INFORMATION GIVEN:
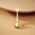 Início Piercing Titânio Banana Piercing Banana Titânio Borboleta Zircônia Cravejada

* * *

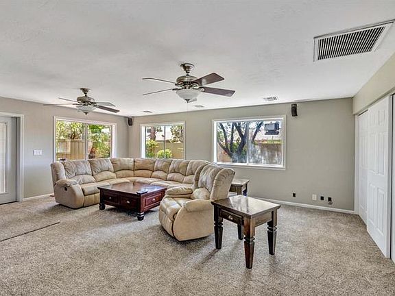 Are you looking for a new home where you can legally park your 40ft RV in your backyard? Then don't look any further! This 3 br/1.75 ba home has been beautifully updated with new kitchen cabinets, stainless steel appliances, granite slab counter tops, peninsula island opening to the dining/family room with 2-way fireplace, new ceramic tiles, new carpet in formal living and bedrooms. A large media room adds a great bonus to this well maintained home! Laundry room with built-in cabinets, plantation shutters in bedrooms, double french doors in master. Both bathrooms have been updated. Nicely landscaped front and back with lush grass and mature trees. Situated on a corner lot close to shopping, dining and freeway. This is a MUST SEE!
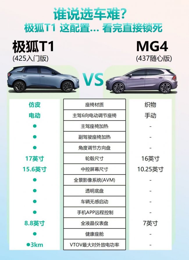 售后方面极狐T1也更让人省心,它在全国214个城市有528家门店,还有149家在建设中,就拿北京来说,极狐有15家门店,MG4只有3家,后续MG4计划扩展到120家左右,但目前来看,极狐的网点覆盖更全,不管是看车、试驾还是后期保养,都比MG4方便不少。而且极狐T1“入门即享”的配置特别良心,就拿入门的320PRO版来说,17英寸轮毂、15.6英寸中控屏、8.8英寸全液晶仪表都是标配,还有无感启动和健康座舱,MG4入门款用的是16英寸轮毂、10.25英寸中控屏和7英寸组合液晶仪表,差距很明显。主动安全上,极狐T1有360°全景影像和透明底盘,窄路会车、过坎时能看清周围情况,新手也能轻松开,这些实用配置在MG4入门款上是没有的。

* * *

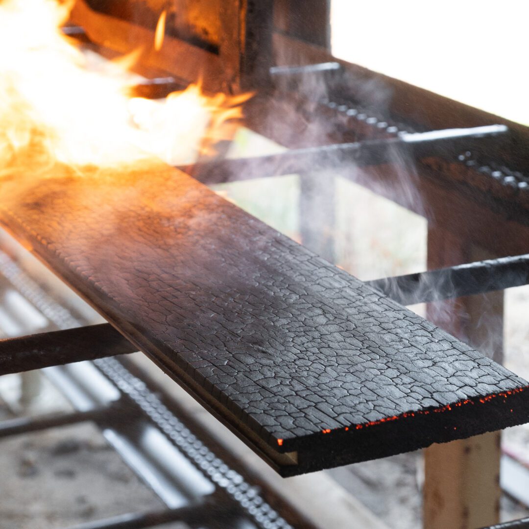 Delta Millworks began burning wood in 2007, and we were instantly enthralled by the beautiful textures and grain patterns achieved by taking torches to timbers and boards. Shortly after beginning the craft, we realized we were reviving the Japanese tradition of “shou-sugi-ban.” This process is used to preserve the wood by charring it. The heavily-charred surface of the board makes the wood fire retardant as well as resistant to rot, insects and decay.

WORK TO BE COMPLETED: Above, find the line holding "Are you looking" and the line holding "售后方面极狐T1也更让人省心". Print exactly those two lines and every line between them, but no pictures.

SOLUTION TO THE PROBLEM:
 Are you looking for a new home where you can legally park your 40ft RV in your backyard? Then don't look any further! This 3 br/1.75 ba home has been beautifully updated with new kitchen cabinets, stainless steel appliances, granite slab counter tops, peninsula island opening to the dining/family room with 2-way fireplace, new ceramic tiles, new carpet in formal living and bedrooms. A large media room adds a great bonus to this well maintained home! Laundry room with built-in cabinets, plantation shutters in bedrooms, double french doors in master. Both bathrooms have been updated. Nicely landscaped front and back with lush grass and mature trees. Situated on a corner lot close to shopping, dining and freeway. This is a MUST SEE!
 售后方面极狐T1也更让人省心,它在全国214个城市有528家门店,还有149家在建设中,就拿北京来说,极狐有15家门店,MG4只有3家,后续MG4计划扩展到120家左右,但目前来看,极狐的网点覆盖更全,不管是看车、试驾还是后期保养,都比MG4方便不少。而且极狐T1“入门即享”的配置特别良心,就拿入门的320PRO版来说,17英寸轮毂、15.6英寸中控屏、8.8英寸全液晶仪表都是标配,还有无感启动和健康座舱,MG4入门款用的是16英寸轮毂、10.25英寸中控屏和7英寸组合液晶仪表,差距很明显。主动安全上,极狐T1有360°全景影像和透明底盘,窄路会车、过坎时能看清周围情况,新手也能轻松开,这些实用配置在MG4入门款上是没有的。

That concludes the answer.